(Data to process)

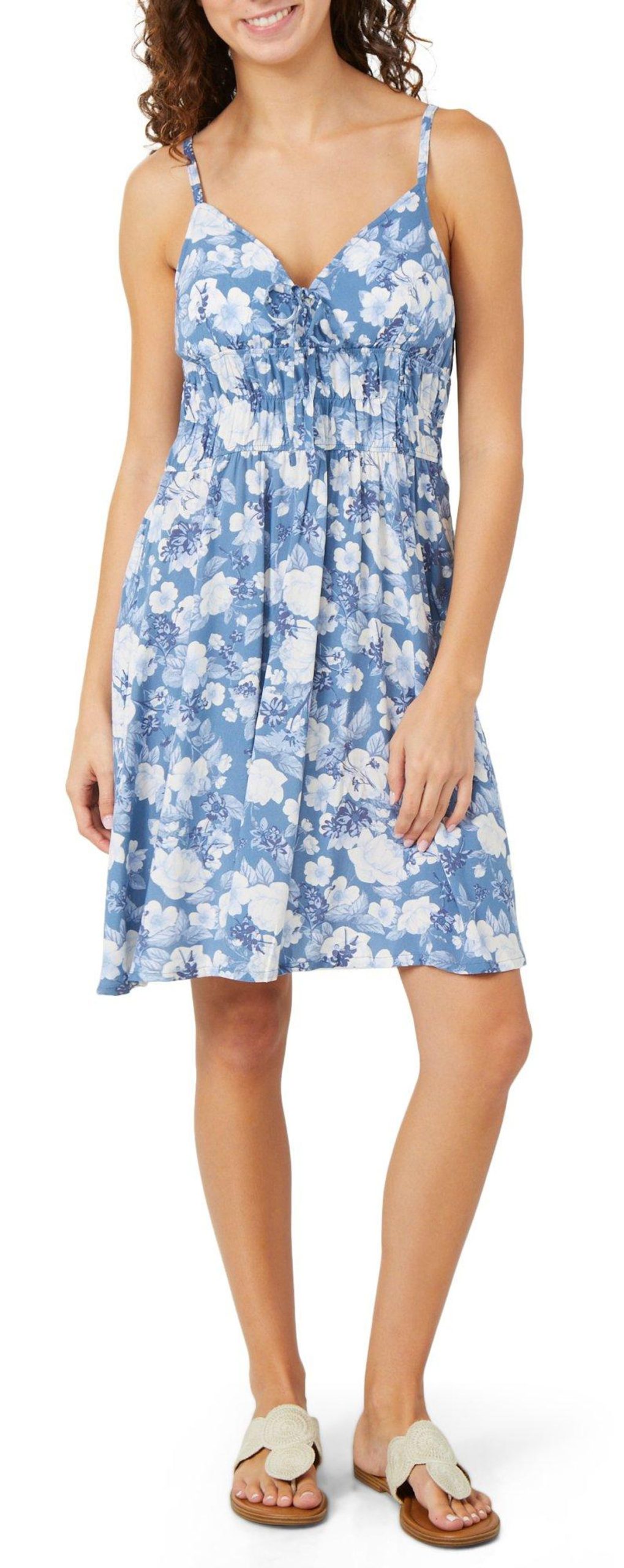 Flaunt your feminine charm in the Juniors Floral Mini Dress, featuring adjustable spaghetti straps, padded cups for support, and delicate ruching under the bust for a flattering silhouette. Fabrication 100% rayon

(End Data to process)
(Data to process)

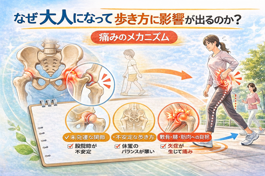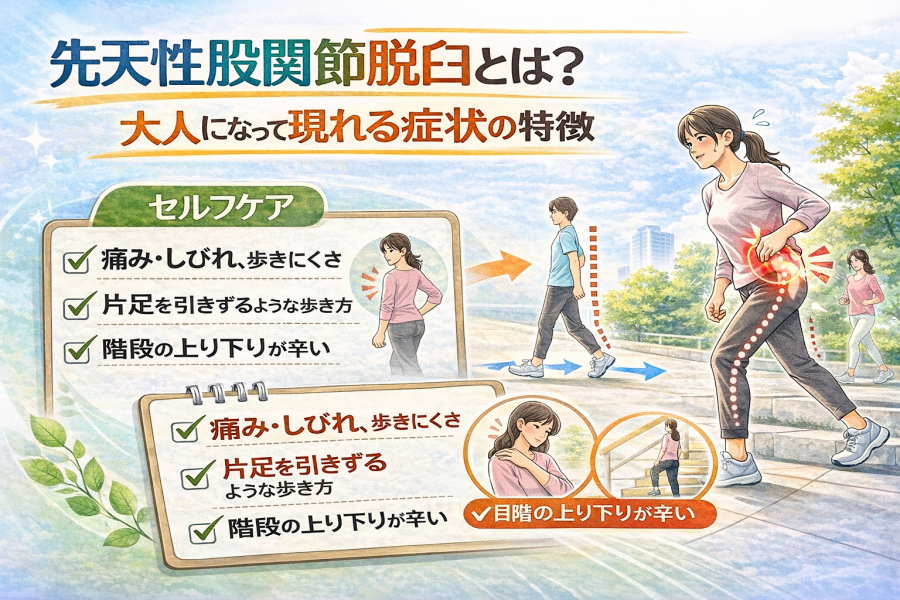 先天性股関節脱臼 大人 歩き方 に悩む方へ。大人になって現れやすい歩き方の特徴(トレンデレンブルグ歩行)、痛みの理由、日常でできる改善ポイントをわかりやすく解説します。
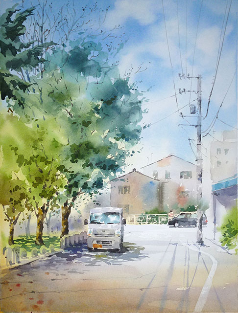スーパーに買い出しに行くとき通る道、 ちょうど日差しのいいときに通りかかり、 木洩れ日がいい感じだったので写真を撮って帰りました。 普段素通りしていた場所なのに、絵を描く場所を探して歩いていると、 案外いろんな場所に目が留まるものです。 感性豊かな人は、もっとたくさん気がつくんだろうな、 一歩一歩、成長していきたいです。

(End Data to process)

• _Prompt_: With pictures omitted, repeat the entries above word for word from the line holding "先天性股関節脱臼 大人 歩き方" down to the line holding "案外いろんな場所に目が留まるものです。 感性豊かな人は、もっとたくさん気がつくんだろうな、 一歩一歩、成長していきたいです。", keeping both of those lines.

• _Response_:
 先天性股関節脱臼 大人 歩き方 に悩む方へ。大人になって現れやすい歩き方の特徴(トレンデレンブルグ歩行)、痛みの理由、日常でできる改善ポイントをわかりやすく解説します。
スーパーに買い出しに行くとき通る道、 ちょうど日差しのいいときに通りかかり、 木洩れ日がいい感じだったので写真を撮って帰りました。 普段素通りしていた場所なのに、絵を描く場所を探して歩いていると、 案外いろんな場所に目が留まるものです。 感性豊かな人は、もっとたくさん気がつくんだろうな、 一歩一歩、成長していきたいです。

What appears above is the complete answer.